Thisted, Kirsten »Imperiets genfærd: Profeterne i Evighedsfjorden og den dansk-grønlandske historieskrivning«. In: Nordlit 35, (2015), 105–121.
Kirsten Thisted shows in her well-structured article that ambivalence is what distinguishes Leine’s Profeterne i Evighedsfjorden from the popular narratives about Danish-Greenlandic history.

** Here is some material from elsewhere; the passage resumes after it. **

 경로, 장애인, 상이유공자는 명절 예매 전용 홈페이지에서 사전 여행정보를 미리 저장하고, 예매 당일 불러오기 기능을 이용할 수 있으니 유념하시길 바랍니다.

The aim and main question of her article is phrased as followed: »Det skal […] i det følgende undersøges, hvordan romanen forholder sig til de gængse narrativer om dansk kolonialisme i Grønland, samt hvordan den bidrager til den aktuelle forhandling af Rigfællesskabet og fortællingen om den dansk-grønlandske historie (105).« Thisted shortly explains Kim Leine’s relation to Greenland and gives a summary of Profeterne i Evighedsfjorden before comparing it with Isbjørnen by Henrik Pontoppidan. Then she turns to the narrations of Danish colonialism. Here she points out that in both narrations – Denmark as the good colonial power and Denmark as the bad colonial power – Denmark is the operating participant and takes centre stage. Contrary to expectations, Leine’s way of narrating Danish colonialism is different. As Thisted shows in her chapter Leine og kilderne (108ff.), Leine is taking in Greenlandic sources as a basis for his work. By doing so he gives Greenlanders a voice too and arranges his narration more ambivalently.

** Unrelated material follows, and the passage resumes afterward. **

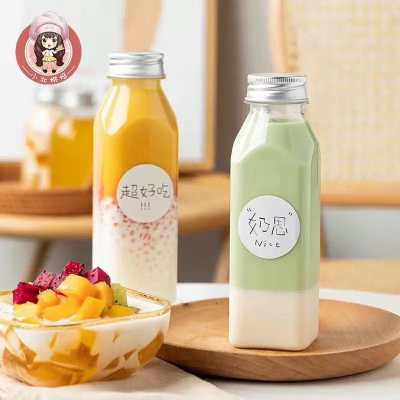新品350ml冷飲ミルクティージュースヨーグルトカップpet厚手使い捨て異形蓋付きペットボトル
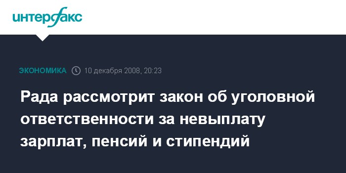 Рада рассмотрит закон об уголовной ответственности за невыплату зарплат, пенсий и стипендий

After that Thisted discusses the two narrative modes (revolutionary) romance and tragedy; Romance being the preferred narrative mode in anti-colonialist literature. This narrative mode is based upon a revolutionary hero which incarnates the positive values of the colonised that had been suppressed by the colonists, and promises the reestablishment of an own nation by winning over the colonists. In the narrative mode of tragedy the plot does not follow the will of the hero and often ends in a bigger conflict than the initial one. The hero cannot control the story’s actions because they are controlled by other powers (e. g. natural power, gods or coincidence). Kirsten Thisted then goes on answering her main question by demonstrating that Kim Leine’s work shows characteristics of romance firstly in the book’s dedication »Tilegnet Grønlands Hjemmefjorden« which sets Profeterne i Evighedsfjorden in a political context and secondly in the hope of the main character Morten Falck for a free Greenlandic nation. Nevertheless Profeterne i Evighedsfjorden ends up as tragedy because it lacks a revolutionary hero which brings his mission to an end. Furthermore Leine’s work—as Thisted showed earlier —is based on Greenlandic sources which go back to the colonial time where there was no basis for a nostalgic longing for the past.

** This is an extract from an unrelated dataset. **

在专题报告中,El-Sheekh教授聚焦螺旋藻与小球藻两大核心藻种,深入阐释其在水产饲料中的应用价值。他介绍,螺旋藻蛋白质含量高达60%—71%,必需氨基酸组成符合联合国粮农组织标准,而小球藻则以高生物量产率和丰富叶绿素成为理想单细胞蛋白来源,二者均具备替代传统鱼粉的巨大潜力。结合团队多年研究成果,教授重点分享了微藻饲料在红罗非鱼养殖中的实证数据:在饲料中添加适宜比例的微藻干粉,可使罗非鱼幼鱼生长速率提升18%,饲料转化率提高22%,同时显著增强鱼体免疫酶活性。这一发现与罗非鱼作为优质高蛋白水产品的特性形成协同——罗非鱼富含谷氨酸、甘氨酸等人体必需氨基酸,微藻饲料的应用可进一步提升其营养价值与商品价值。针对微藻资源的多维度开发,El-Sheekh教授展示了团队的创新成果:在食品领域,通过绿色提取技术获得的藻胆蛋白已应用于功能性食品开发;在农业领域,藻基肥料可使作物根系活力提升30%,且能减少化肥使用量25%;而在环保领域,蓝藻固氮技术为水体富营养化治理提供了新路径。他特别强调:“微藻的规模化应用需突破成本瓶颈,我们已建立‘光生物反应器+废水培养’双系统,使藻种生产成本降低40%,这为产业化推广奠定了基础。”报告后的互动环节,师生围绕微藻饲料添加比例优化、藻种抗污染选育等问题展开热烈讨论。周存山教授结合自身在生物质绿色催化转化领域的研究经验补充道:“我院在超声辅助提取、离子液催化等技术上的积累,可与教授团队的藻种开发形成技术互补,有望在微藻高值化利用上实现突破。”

Finally, in the chapter Infødte og blandinger (113ff.) Thisted demonstrates once again the ambivalence in Leine’s work with well-chosen and demonstrative examples. She claims that Leine puts the intimate relatedness of power and countervailing power in the centre of his work, thereby he defies the criticism that he only expands the bad sides of the colonial era between Denmark and Greenland. No wonder that Kirsten Thisted’s points answering her minor questions are based upon the ambivalence Kim Leine uses in his work.